**Description of the task:**
The records below are to be transcribed exactly from their first line to the line that has "Kurtka zimowa damska, czarna, pikowana", inclusive, with every picture omitted.
::::::
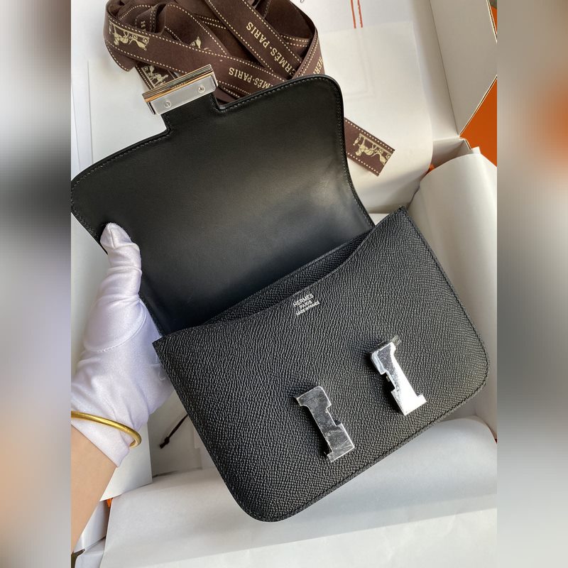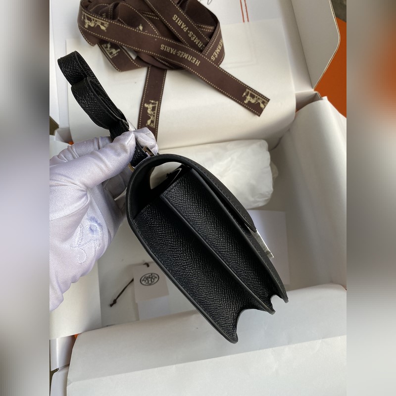Kang Kang Pieni 19 cm tuotu Epsom-nahkainen musta hopeasolki
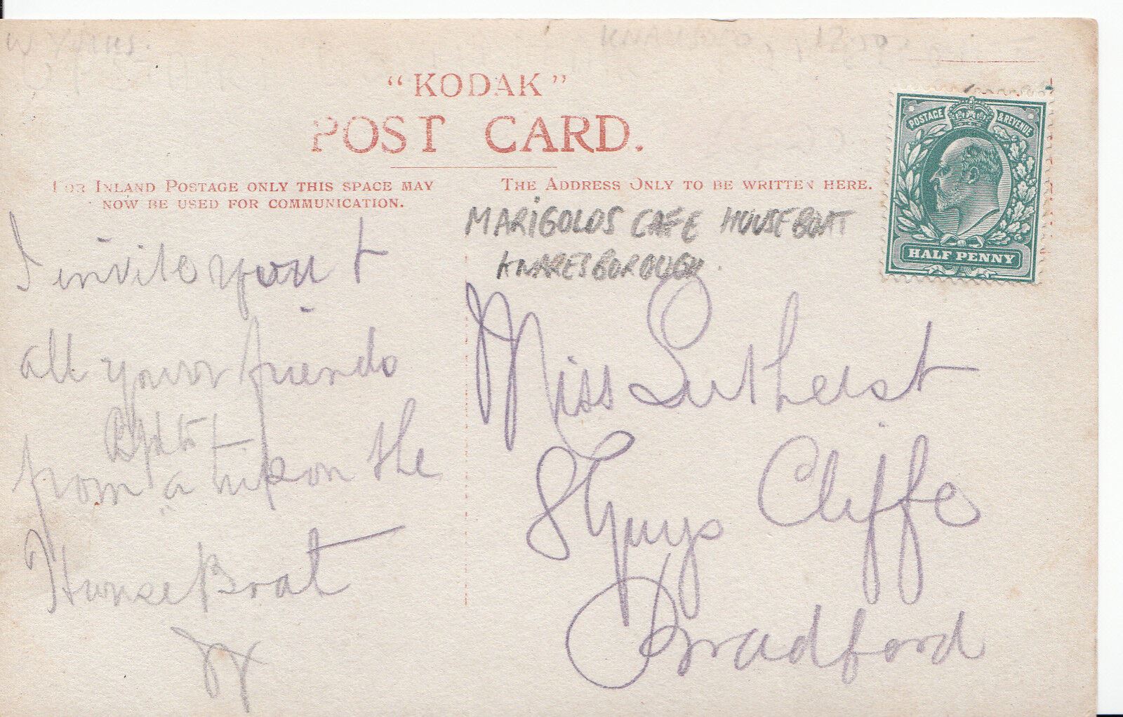 Title:   Yorkshire Postcard - Marigolds Cafe Houseboat, Knaresborough
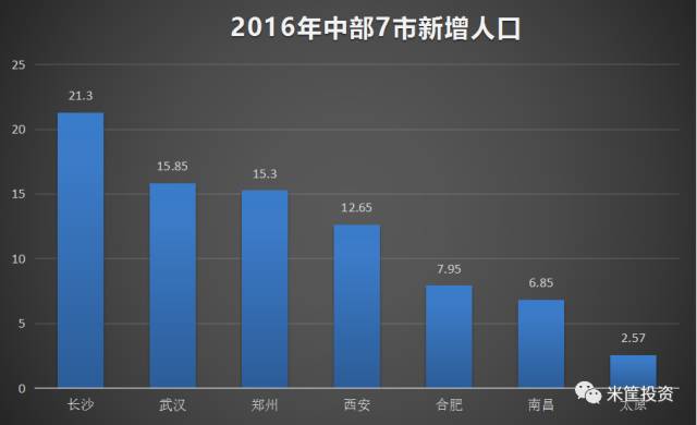 在人口的吸引力上,长沙>武汉>郑州>西安>合肥>南昌>太原。2016年,长沙新增常住人口达21万人,证明着这个城市的活力。武汉与郑州相当,15万人的新增人口基本稳定。
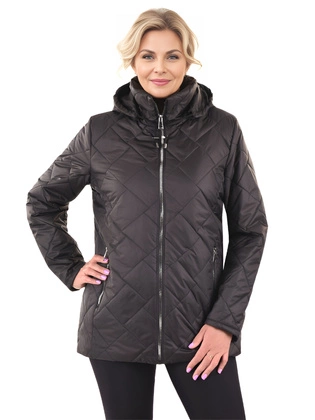 Kurtka zimowa damska, czarna, pikowana kurtka z futerkiem przy kapturze, duże rozmiary 38985
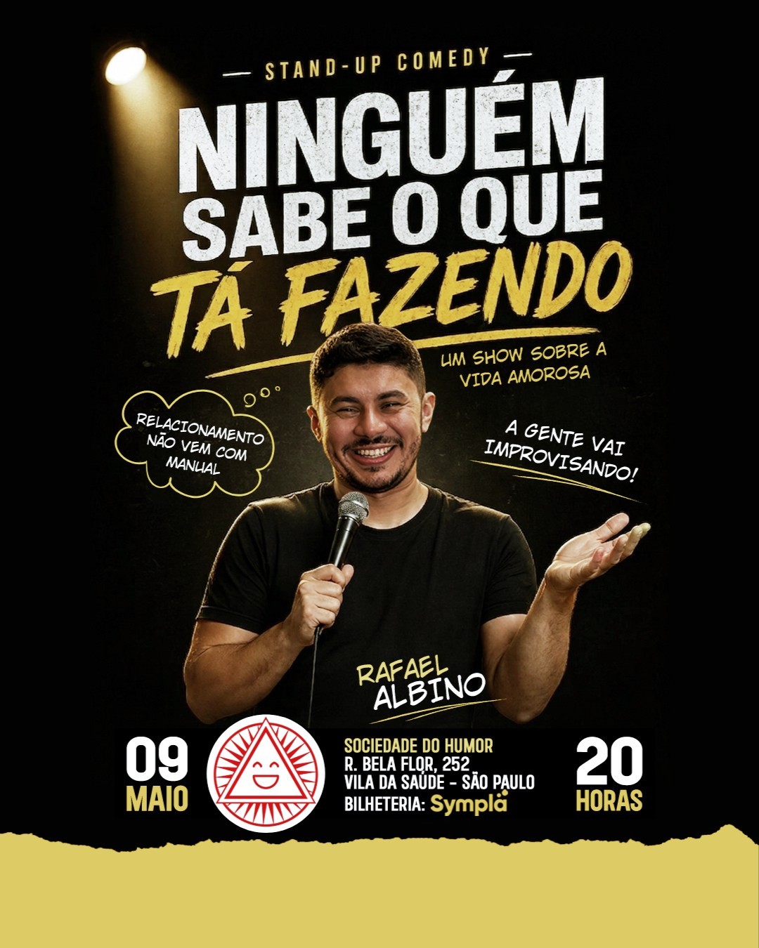 Desde Adão e Eva a vida amorosa é uma das coisas mais difíceis da vida e esse problema tá aí até hoje, pra gente resolver. Casado não sabe como manter. Solteiro não sabe como começar. Quem namora não sabe se tá fazendo certo. E quem terminou ainda tenta entender onde tudo deu errado. Em seu novo show de comédia, Rafael Albino mostra que Ninguém Sabe o Que Tá Fazendo quando se trata de relacionamentos. Neste espetáculo, Rafael te ajuda a entender as peças e colocá-las em seu devido lugar. Com seu humor cativante e envolvente, Albino te convida a rir e a se emocionar com um show de comédia que fala mais da gente do que a gente imagina. 📍Sociedade do Humor: Rua Bela Flor, 252 — Vila Mariana 📅09 de maio (sábado) 🍻Abertura da casa: 17h (chegue cedo para aproveitar o bar e o cardápio) 🕑Showtime: 20h ⌛Tolerância: 15 minutos após o início (após esse período, não é permitida a entrada). 🎟️Lugares limitados. Garanta antecipado com desconto. Sujeito à lotação. 🥤Cardápio, como chegar e mais informações no instagram: @sociedadedohumor
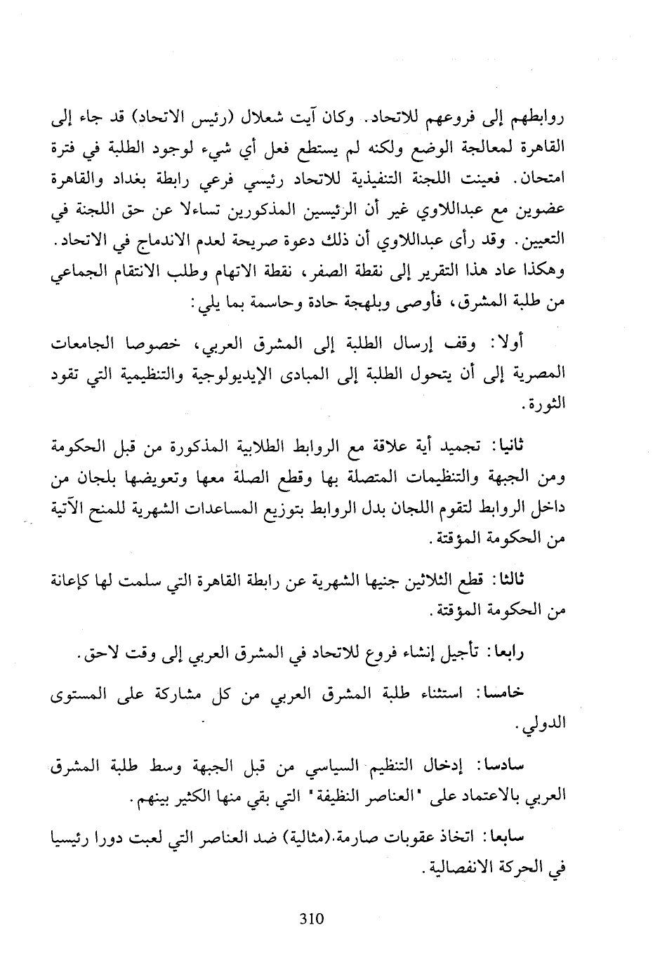 روابطهم إلى فروعهم للاتحاد، وكان آيت شعلال (رئيس الاتحاد,) قد جاء إلى القاهرة لمعالجة الوضع ولكنه لم يستطع فعل أي شيء لوجود الطلبة في فترة امتحان، فعينت اللجنة التنفيذية للاتحاد رئيسي فرعي رابطة بغداد والقاهرة عضوين مع عبد اللاوي غير أن الرئيسين المذكورين تساءلا عن حق اللجنة في التعيين، وقد رأى عبد اللاوي أن ذلك دعوة صريحة لعدم الاندماج في الاتحاد، وهكذا عاد هذا التقرير إلى نقطة الصفر، نقطة الاتهام وطلب الانتقام الجماعي من طلبة المشرق، فأوصى وبلهجة حادة وحاسمة بما يلي:
::::::
**Response for this exercise:**
Kang Kang Pieni 19 cm tuotu Epsom-nahkainen musta hopeasolki
 Title:   Yorkshire Postcard - Marigolds Cafe Houseboat, Knaresborough
 在人口的吸引力上,长沙>武汉>郑州>西安>合肥>南昌>太原。2016年,长沙新增常住人口达21万人,证明着这个城市的活力。武汉与郑州相当,15万人的新增人口基本稳定。
 Kurtka zimowa damska, czarna, pikowana kurtka z futerkiem przy kapturze, duże rozmiary 38985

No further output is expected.